Но Ефим не слышал последних слов бывшего старосты. Он заметил в толпе отца злобного и растерянного.
«Пора!» — сказал себе Ефим.
Выдернутый из кобуры маузер тускло сверкнул в руке.
Бритяк попятился.
— Сыночек!.. — крикнул он навстречу выстрелу и медленно осел в грязь.
Ефим соскочил с паперти на землю. На него мгновенно напал страх. Толпа грозно шумела вокруг, рядом хлопали выстрелы.
Он побежал, расчищая маузером дорогу. Кто-то сшиб его сильным ударом в плечо. Падая, Ефим услышал протяжное «ура» красноармейцев, занявших окопы.
Перенесенный к себе в сени, Степан лежал неподвижно на чистой соломе. Скулы его резко обозначились, на голове белела повязка, сливаясь с мертвенно-бледной кожей лица. Расстегнутый воротник рубашки, запачканный кровью, странно напоминал вышитые рукою Насти цветы.
Степан дважды терял сознание, пока доктор Маслов, прибывший Из города в сопровождении Николкй, перевязывал ему рану. Теперь он находился в тяжёлом забытьи.
Выпроводив чужих людей, Ильинишна опустилась на колени возле сына. Затаив дыхание, смотрела в дорогие, почти безжизненные черты.
— Звери проклятые изверги! — шептала она, боясь нарушить оберегаемую тишину. — Человека им убить, что былинку в поле сломать. А на тех душегубов мы всю жизнь спину гнули, не досыпая и не доедая…
Сердце матери больно сжималось при мысли, что именно Бритяку она впервые доверила сына… Она качала головой, вспоминая прожитые годы и ничего не видя там, кроме горькой тоски. Из всех детей осталось лишь двое — Степан и Николка… Кому земли не хватало в поле, для того имелась на погосте. Такова уж бедняцкая доля.
В сени с размаху влетел Николка, придерживая в подоле рубахи свежие краснобокие яблоки. Остановленный страдальческим взглядом Ильинишны, поднялся на пальцы и вытянул тонкую шею.

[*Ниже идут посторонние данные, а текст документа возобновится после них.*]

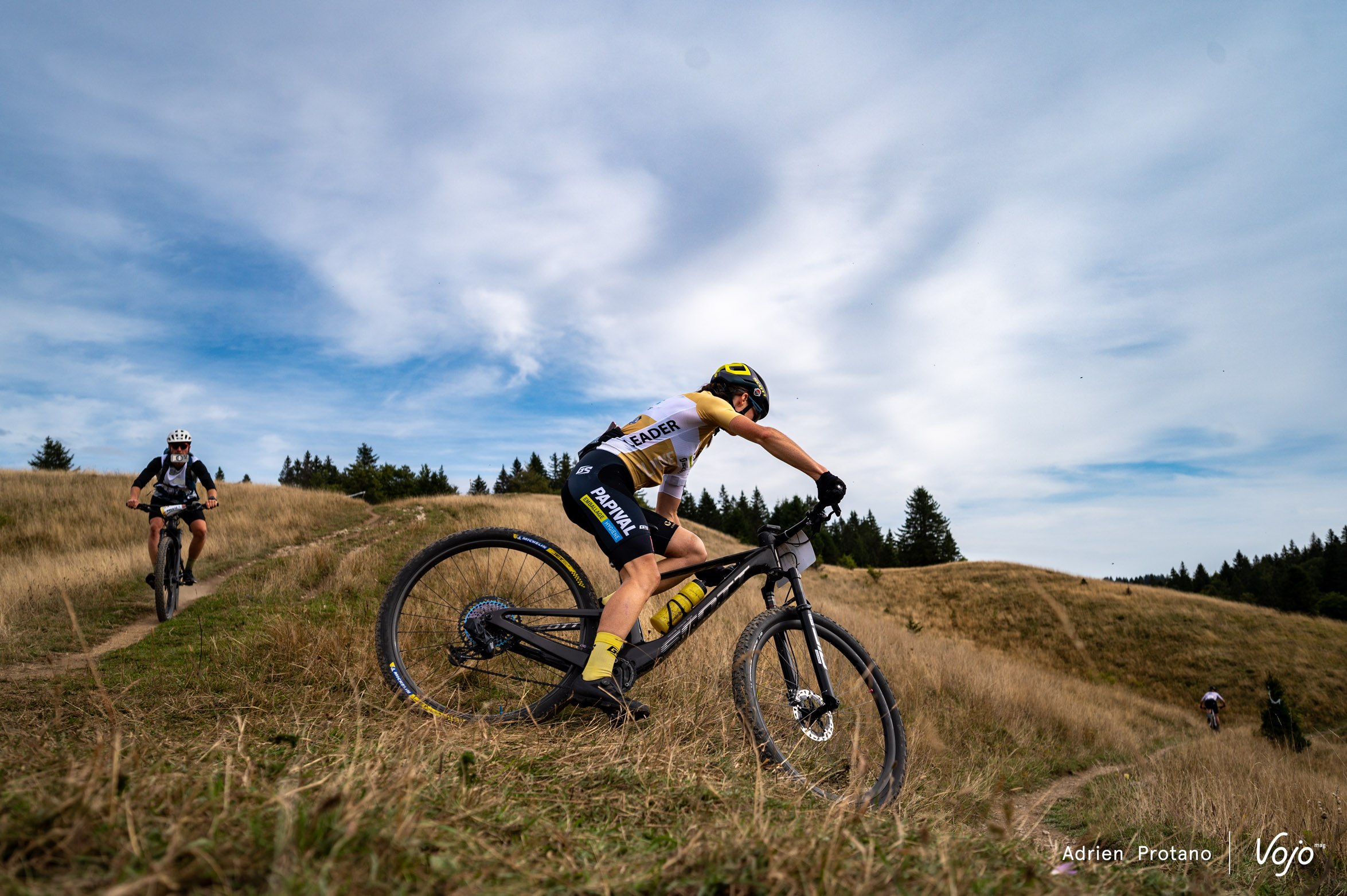 Ici au second plan, dans la roue de l’Allemand Sascha Weber (qui finira par abandonner), le champion de France de la discipline, Axel Roudil-Cortinat, reste également bien placé. Il a pourtant roulé plus de 5 heures la veille sur la coupe du Monde de marathon.

— Мамка… это я для братки… Пущай поправляется скорей.
Мальчуган как-то повзрослел за последнее время. Всем существом своим он постигал остроту грозных событий, всполошивших Жердевку, и готов был на любой подвиг ради новой жизни, о которой поведал ему Степан.
— Отец где? — одними поблекшими губами спросила Ильинишна.
— С продотрядниками зерно выгружает у Бритяка. Сердитый — не подходи… За председателя комбеда, говорит, буду действовать!
— Ох, господи… Кто еще с ним?
— Гранкин, Матрена… и этот командир, Терехов. Только Огрехова не видать…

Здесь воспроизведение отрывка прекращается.